The school is a single-story building with a basement and mezzanine workspace. In form, it can be described as a series of rectangular pavilions, of varying heights. The building is constructed of concrete blocks faced with brick. The foundation walls are poured concrete. Floor construction in the original building is gypsum panels over bar joists, except for slabs on grade and at the gymnasium. In the addition, floor construction is concrete over a metal deck on bar joists over a crawl space. The flat roof of both the original building and the addition consists of metal roof joists and gypsum decking covered with built-up roofing. There are wooden double-hung sash with twelve-over-twelve and nine-over-nine lights in the original building; these windows feature limestone sills. Each classroom in the addition features a long, rectangular, five-part aluminum window set within a limestone lintel and sill, providing a large expanse of glass on its outside wall. All exterior doors are metal or wood.

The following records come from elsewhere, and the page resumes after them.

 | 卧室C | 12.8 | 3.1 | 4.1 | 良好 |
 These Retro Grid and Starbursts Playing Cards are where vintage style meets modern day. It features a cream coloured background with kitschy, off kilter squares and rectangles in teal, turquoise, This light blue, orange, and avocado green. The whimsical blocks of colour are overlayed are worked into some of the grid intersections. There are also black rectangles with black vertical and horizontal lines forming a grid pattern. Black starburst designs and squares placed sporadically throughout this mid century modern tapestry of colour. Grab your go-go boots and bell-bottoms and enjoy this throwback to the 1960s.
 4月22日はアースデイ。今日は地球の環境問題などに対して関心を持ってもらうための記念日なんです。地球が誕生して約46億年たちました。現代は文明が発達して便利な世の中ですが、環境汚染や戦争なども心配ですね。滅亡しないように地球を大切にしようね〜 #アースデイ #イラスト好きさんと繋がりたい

The primary (north) facade is asymmetrically arranged, with an entrance pavilion on the north end and a classroom wing extending to the east. This entrance pavilion is five bays wide, dominated by a monumental central entrance feature, which rises from ground level and breaks the roof plane. The entrance consists of a small, single, wooden panel and glass door flanked by sidelights. The door is set within colossal stone pilasters, capped with a stone lintel. Glass blocks fill in the space above the door, allowing light into the vestibule. At night, these are lighted from the rear. Above the glass blocks, a concrete panel contains the words SMYRNA SCHOOL. Bays in the entrance pavilion are marked by full-height stone pilasters extending from the concrete basement to a stone band at the roof. Windows in the pavilion are larger in size than elsewhere in the building. A brick chimney for the basement boiler rises above the roof at the rear of the building.

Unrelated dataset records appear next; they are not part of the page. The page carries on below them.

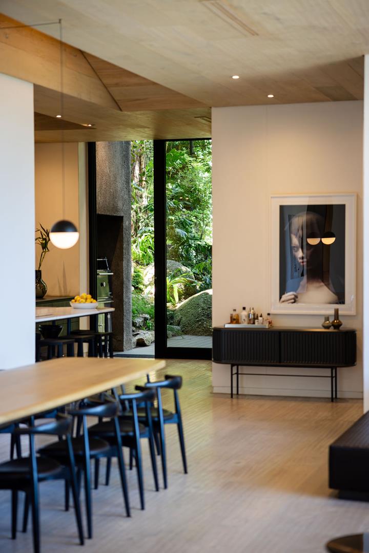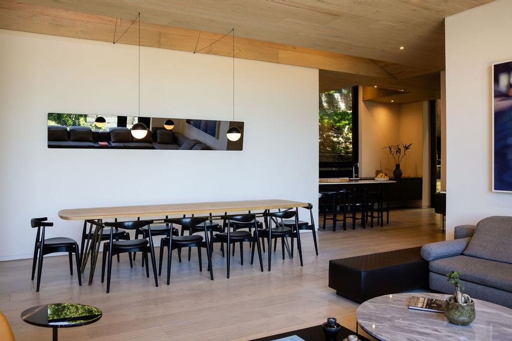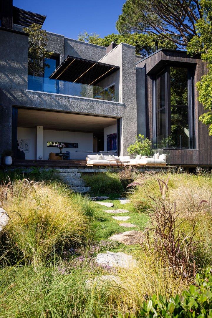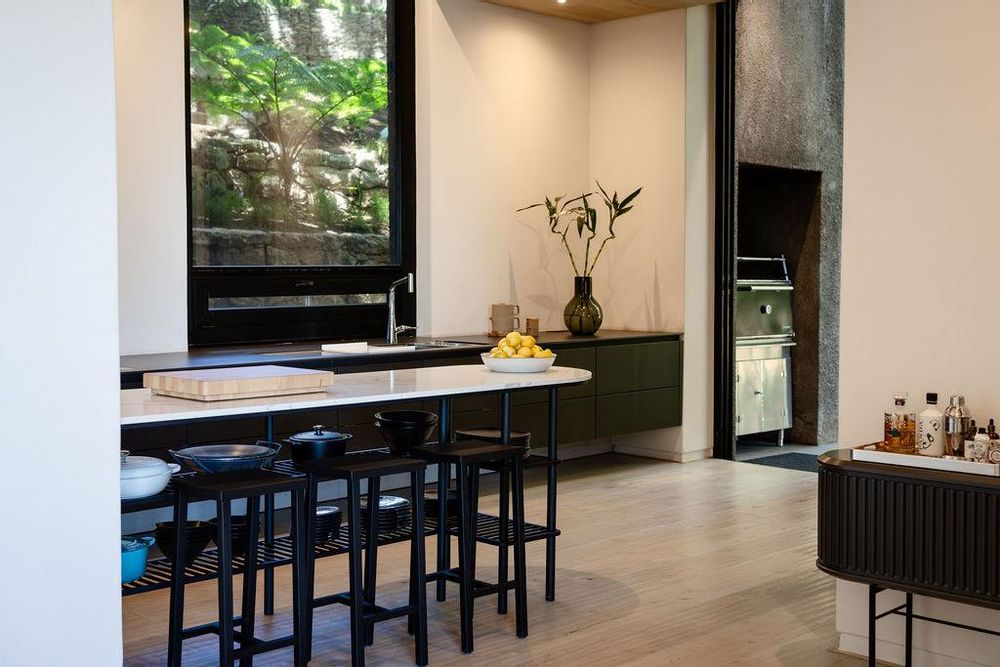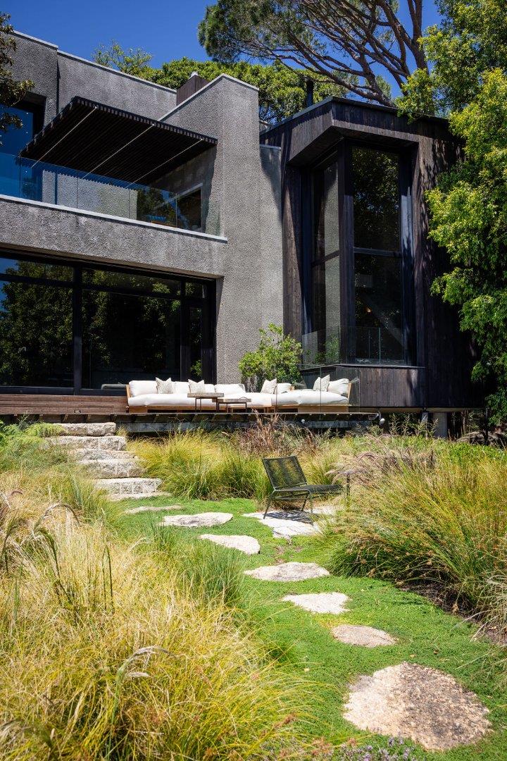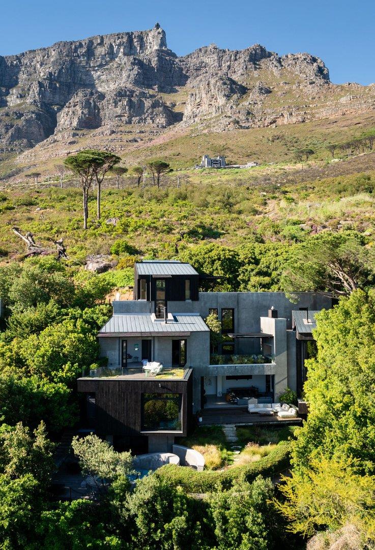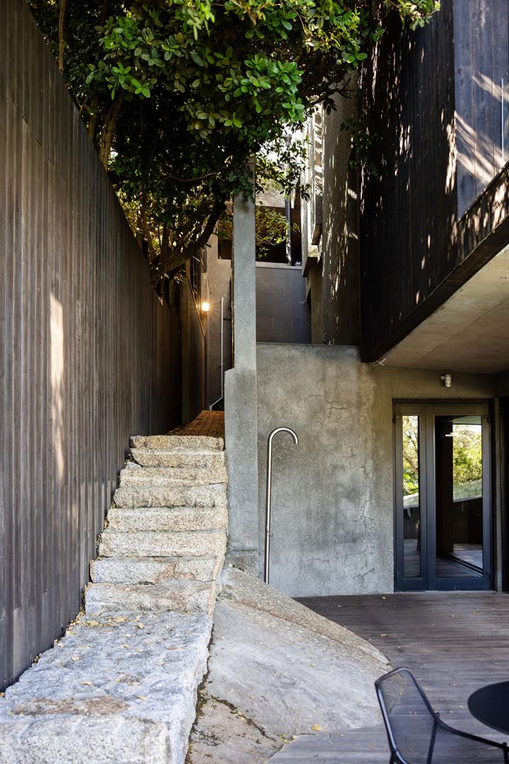 Inspired by the Japanese philosophy of "wabi-sabi," the house celebrates simplicity and the impermanence of nature. Designed by renowned architect Johann Slee, its name is a tribute to the principles of embracing beauty in imperfection and harmony with the environment. From the charred ‘shou sugi ban’ cladding to the granite stairways that lead to its entrance, every element has been meticulously crafted to honour this ethos. The result is a residence that feels organically tied to its Table Mountain Reserve setting, echoing the majestic cable car station above.
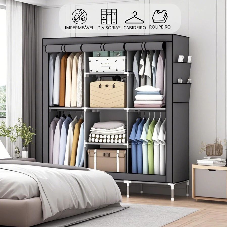 Guarda-Roupa Dobrável Portátil com Estrutura em Aço e Tecido TNT Organizador de Roupas para Quarto
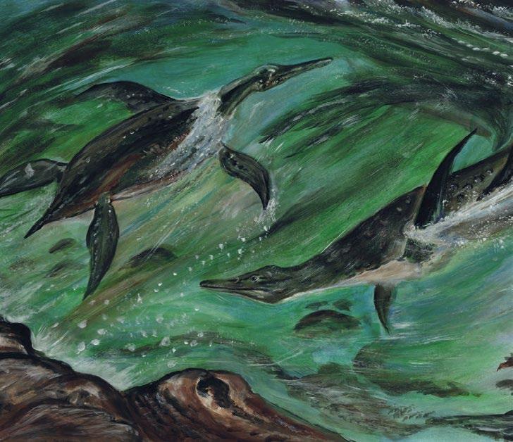 Voda je tak průzračná, že vidíš až na dno. To je plné padlých kmenů. Plavou mezi nimi ryby s velikými šupinami a zubatými tlamičkami. Jsou zmatené. Chvíli plavou nalevo, chvíli zase napravo. Náhle mezi ně vpadne šedá paryba. Je to Xenacanthus, sladkovodní
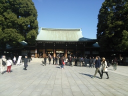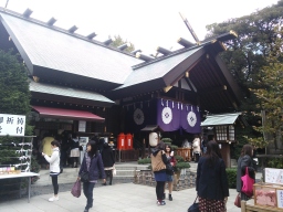 | 靖国神社から徒歩10分位にある「東京大神宮」です。縁結びで有名らしく、写真を見て分かるように女性率は非常に高かったです。 | |
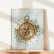 Das Blumenplakat für unsere Aquarellfarben-Blume und die grünen Blätter. Mit einer atemberaubenden Aquarell-Illustration eines Bronzekompasses, umgeben von einem Kranz von Blätter und Blume auf grünem Salbeihintergrund.

The classroom wing to the east is smaller in scale than the entrance pavilion and features similar but less elaborate embellishment. The west and south facades are also similar in style and material to the primary facade; however, they are more utilitarian in appearance.
The 1956 addition is compatible in form, scale, and materials to the original building. The most significant difference is the fenestration. The addition features banks of large-scale aluminum window walls rather than the smaller, multi-light wooden windows of the original. There is one large-scale aluminum window with an irregular arrangement of colored-glass lights marking the transition from the original building to the contemporary wing.

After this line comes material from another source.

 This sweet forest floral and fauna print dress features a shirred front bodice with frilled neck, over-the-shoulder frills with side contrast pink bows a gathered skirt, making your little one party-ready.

A large (50 feet x 34 feet with a 15-foot ceiling) gymnasium occupies a substantial portion of the entrance pavilion. The gym is entered through wooden double doors. Access to the stage is by stairs from the gym and the main corridor. Girls' and Boys' locker rooms are located off the gym, adjacent to the stage, and the kitchen addition is located at the rear (south) side of the gym.
A partial basement under the stage accommodates a boiler, water heater, storage tank, and electrical panels. Access to the basement is from steps off the main corridor and from an exterior entrance at the east side of the gymnasium wing.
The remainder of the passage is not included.